• Your goal
The records below are to be transcribed exactly from their first line to the line that has "röplapok nemcsak egy", inclusive, with every picture omitted.

• Provided entries
□ □ □

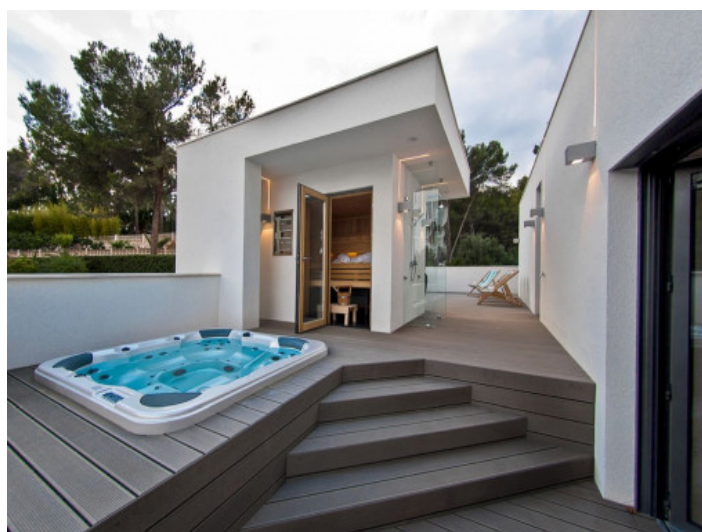
Zona spa fantástica con sauna

Toda la información como mejor se puede saber, salvo por error durante el periodo de venta. Sirva este documento como un informe previo, las bases legales solo serán válidas a través de un contrato de compra acordado ante Notario.
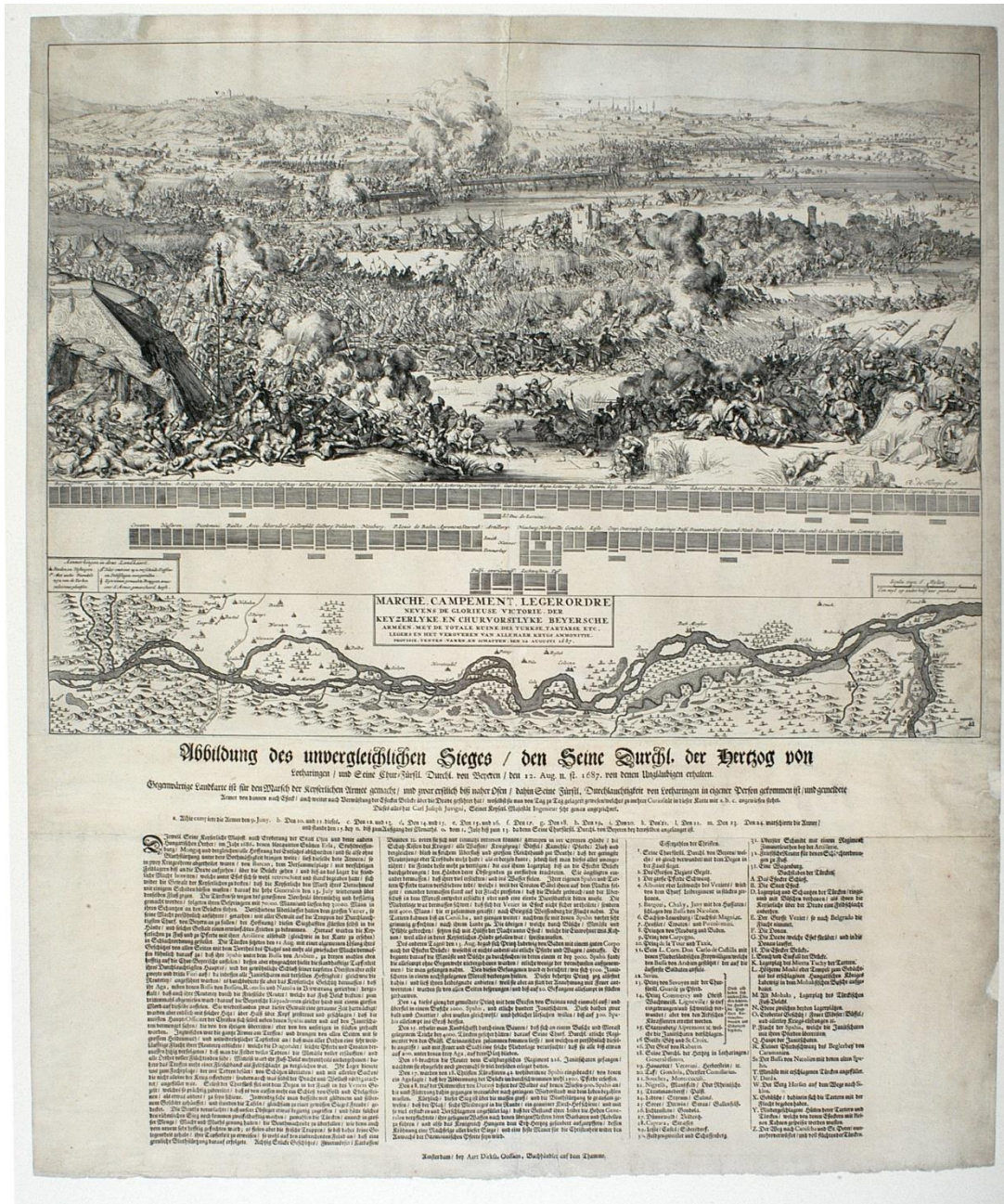
4. ábra: A Harsány-hegyi csata, 1687. Korabeli röplap. (Eredeti cím: Marche, Campement, Legerordre Nevens de Glorieuse Victoire. Der Keyzerlyke. En Churvorstlyke Beyersche Armeen... Den 12 Augusti 1687. Forrás: Országos Széchényi Könyvtár, Régi Nyomatványok Tára 5

röplapok nemcsak egy rövid időtartamú eseményt ábrázoltak, hanem egy egész féléves eseménysorozatról adtak hírt (4. ábra) (Etényi N. 2003).
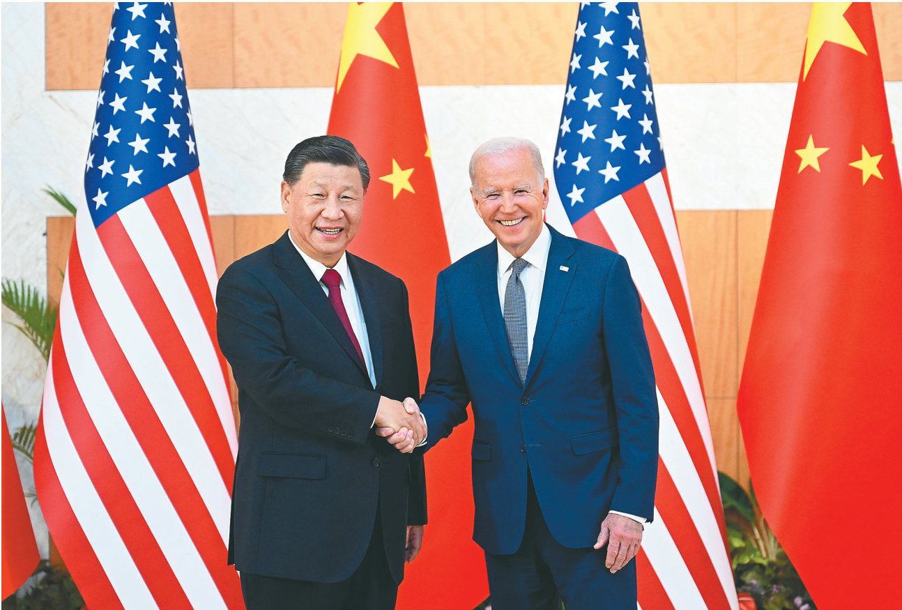
当地时间11月14日下午，国家主席习近平在印度尼西亚巴厘岛同美国总统拜登举行会晤。

新华社印度尼西亚巴厘岛11月14日电 (记者白林 倪四义 刘华)当地时间11月14日下午，国家主席习近平在印度尼西亚巴厘岛同美国总统拜登举行会晤。两国元首就中美关系中的战略性问题以及重大全球和地区问题坦诚深入交换了看法。 习近平指出，当前中美关系面临的局面不符合两国和两国人民根本利益，也不符合国际社会期待。中美双方需要本着对历史、对世界、对人民负责的态度，探讨新时期两国正确相处之道，找到两国关系发展的正确方向，推动中美关系重回健康稳定发展轨道，造福两国，惠及世界。 习近平介绍了中国共产党第二十次全国代表大会主要情况和重要成果，指出，中国党和政府的内外政策公开透明，战略意图光明磊落，保持高度连续性和稳定性。我们以中国式现代化全面推进中华民族伟大复兴，继续把实现人民对美好生活的向往作为出发点，坚定不移把改革开放进行下去，推动建设开放型世界经济。中国继续坚定奉行独立自主的和平外交政策，始终根据事情本身的是非曲直决定自己的立场和态度，倡导对话协商、和平解决争端，深化和拓展全球伙伴关系，维护以联合国为核心的国际体系和以国际法为基础的国际秩序，推动构建人类命运共同体。中国将坚持和平发展、开放发展、共赢发展，做全球发展的参与者、推动者，同各国一起实现共同发展。 习近平指出，世界正处于一个重大历史转折点，各国既需要面对前所未有的挑战，也应该抓住前所未有的机遇。我们应该从这个高度看待和处理中美关系。中美关系不应该是你输我赢、你兴我衰的零和博弈，中美各自取得成功对彼此是机遇而非挑战。宽广的地球完全容得下中美各自发展、共同繁荣。双方应该正确看待对方内外政策和战略意图，确立对话而非对抗、双赢而非零和的交往基调。我高度重视总统先生有关“四不一无意”的表态。中国从来不寻求改变现有国际秩序，不干涉美国内政，无意挑战和取代美国。双方应该坚持相互尊重、和平共处、合作共赢，共同确保中美关系沿着正确航向前行，不偏航、不失速，更不能相撞。遵守国际关系基本准则和中美三个联合公报，这是双方管控矛盾分歧、防止对抗冲突的关键，也是中美关系最重要的防波堤和安全网。 习近平系统阐述了台湾问题由来以及中方原则立场。习近平强调，台湾问题是中国核心利益中的核心，是中美关系政治基础中的基础，是中美关系第一条不可逾越的红线。解决台湾问题是中

□ □ □

• Reply to the task
Zona spa fantástica con sauna

Toda la información como mejor se puede saber, salvo por error durante el periodo de venta. Sirva este documento como un informe previo, las bases legales solo serán válidas a través de un contrato de compra acordado ante Notario.
4. ábra: A Harsány-hegyi csata, 1687. Korabeli röplap. (Eredeti cím: Marche, Campement, Legerordre Nevens de Glorieuse Victoire. Der Keyzerlyke. En Churvorstlyke Beyersche Armeen... Den 12 Augusti 1687. Forrás: Országos Széchényi Könyvtár, Régi Nyomatványok Tára 5

röplapok nemcsak egy rövid időtartamú eseményt ábrázoltak, hanem egy egész féléves eseménysorozatról adtak hírt (4. ábra) (Etényi N. 2003).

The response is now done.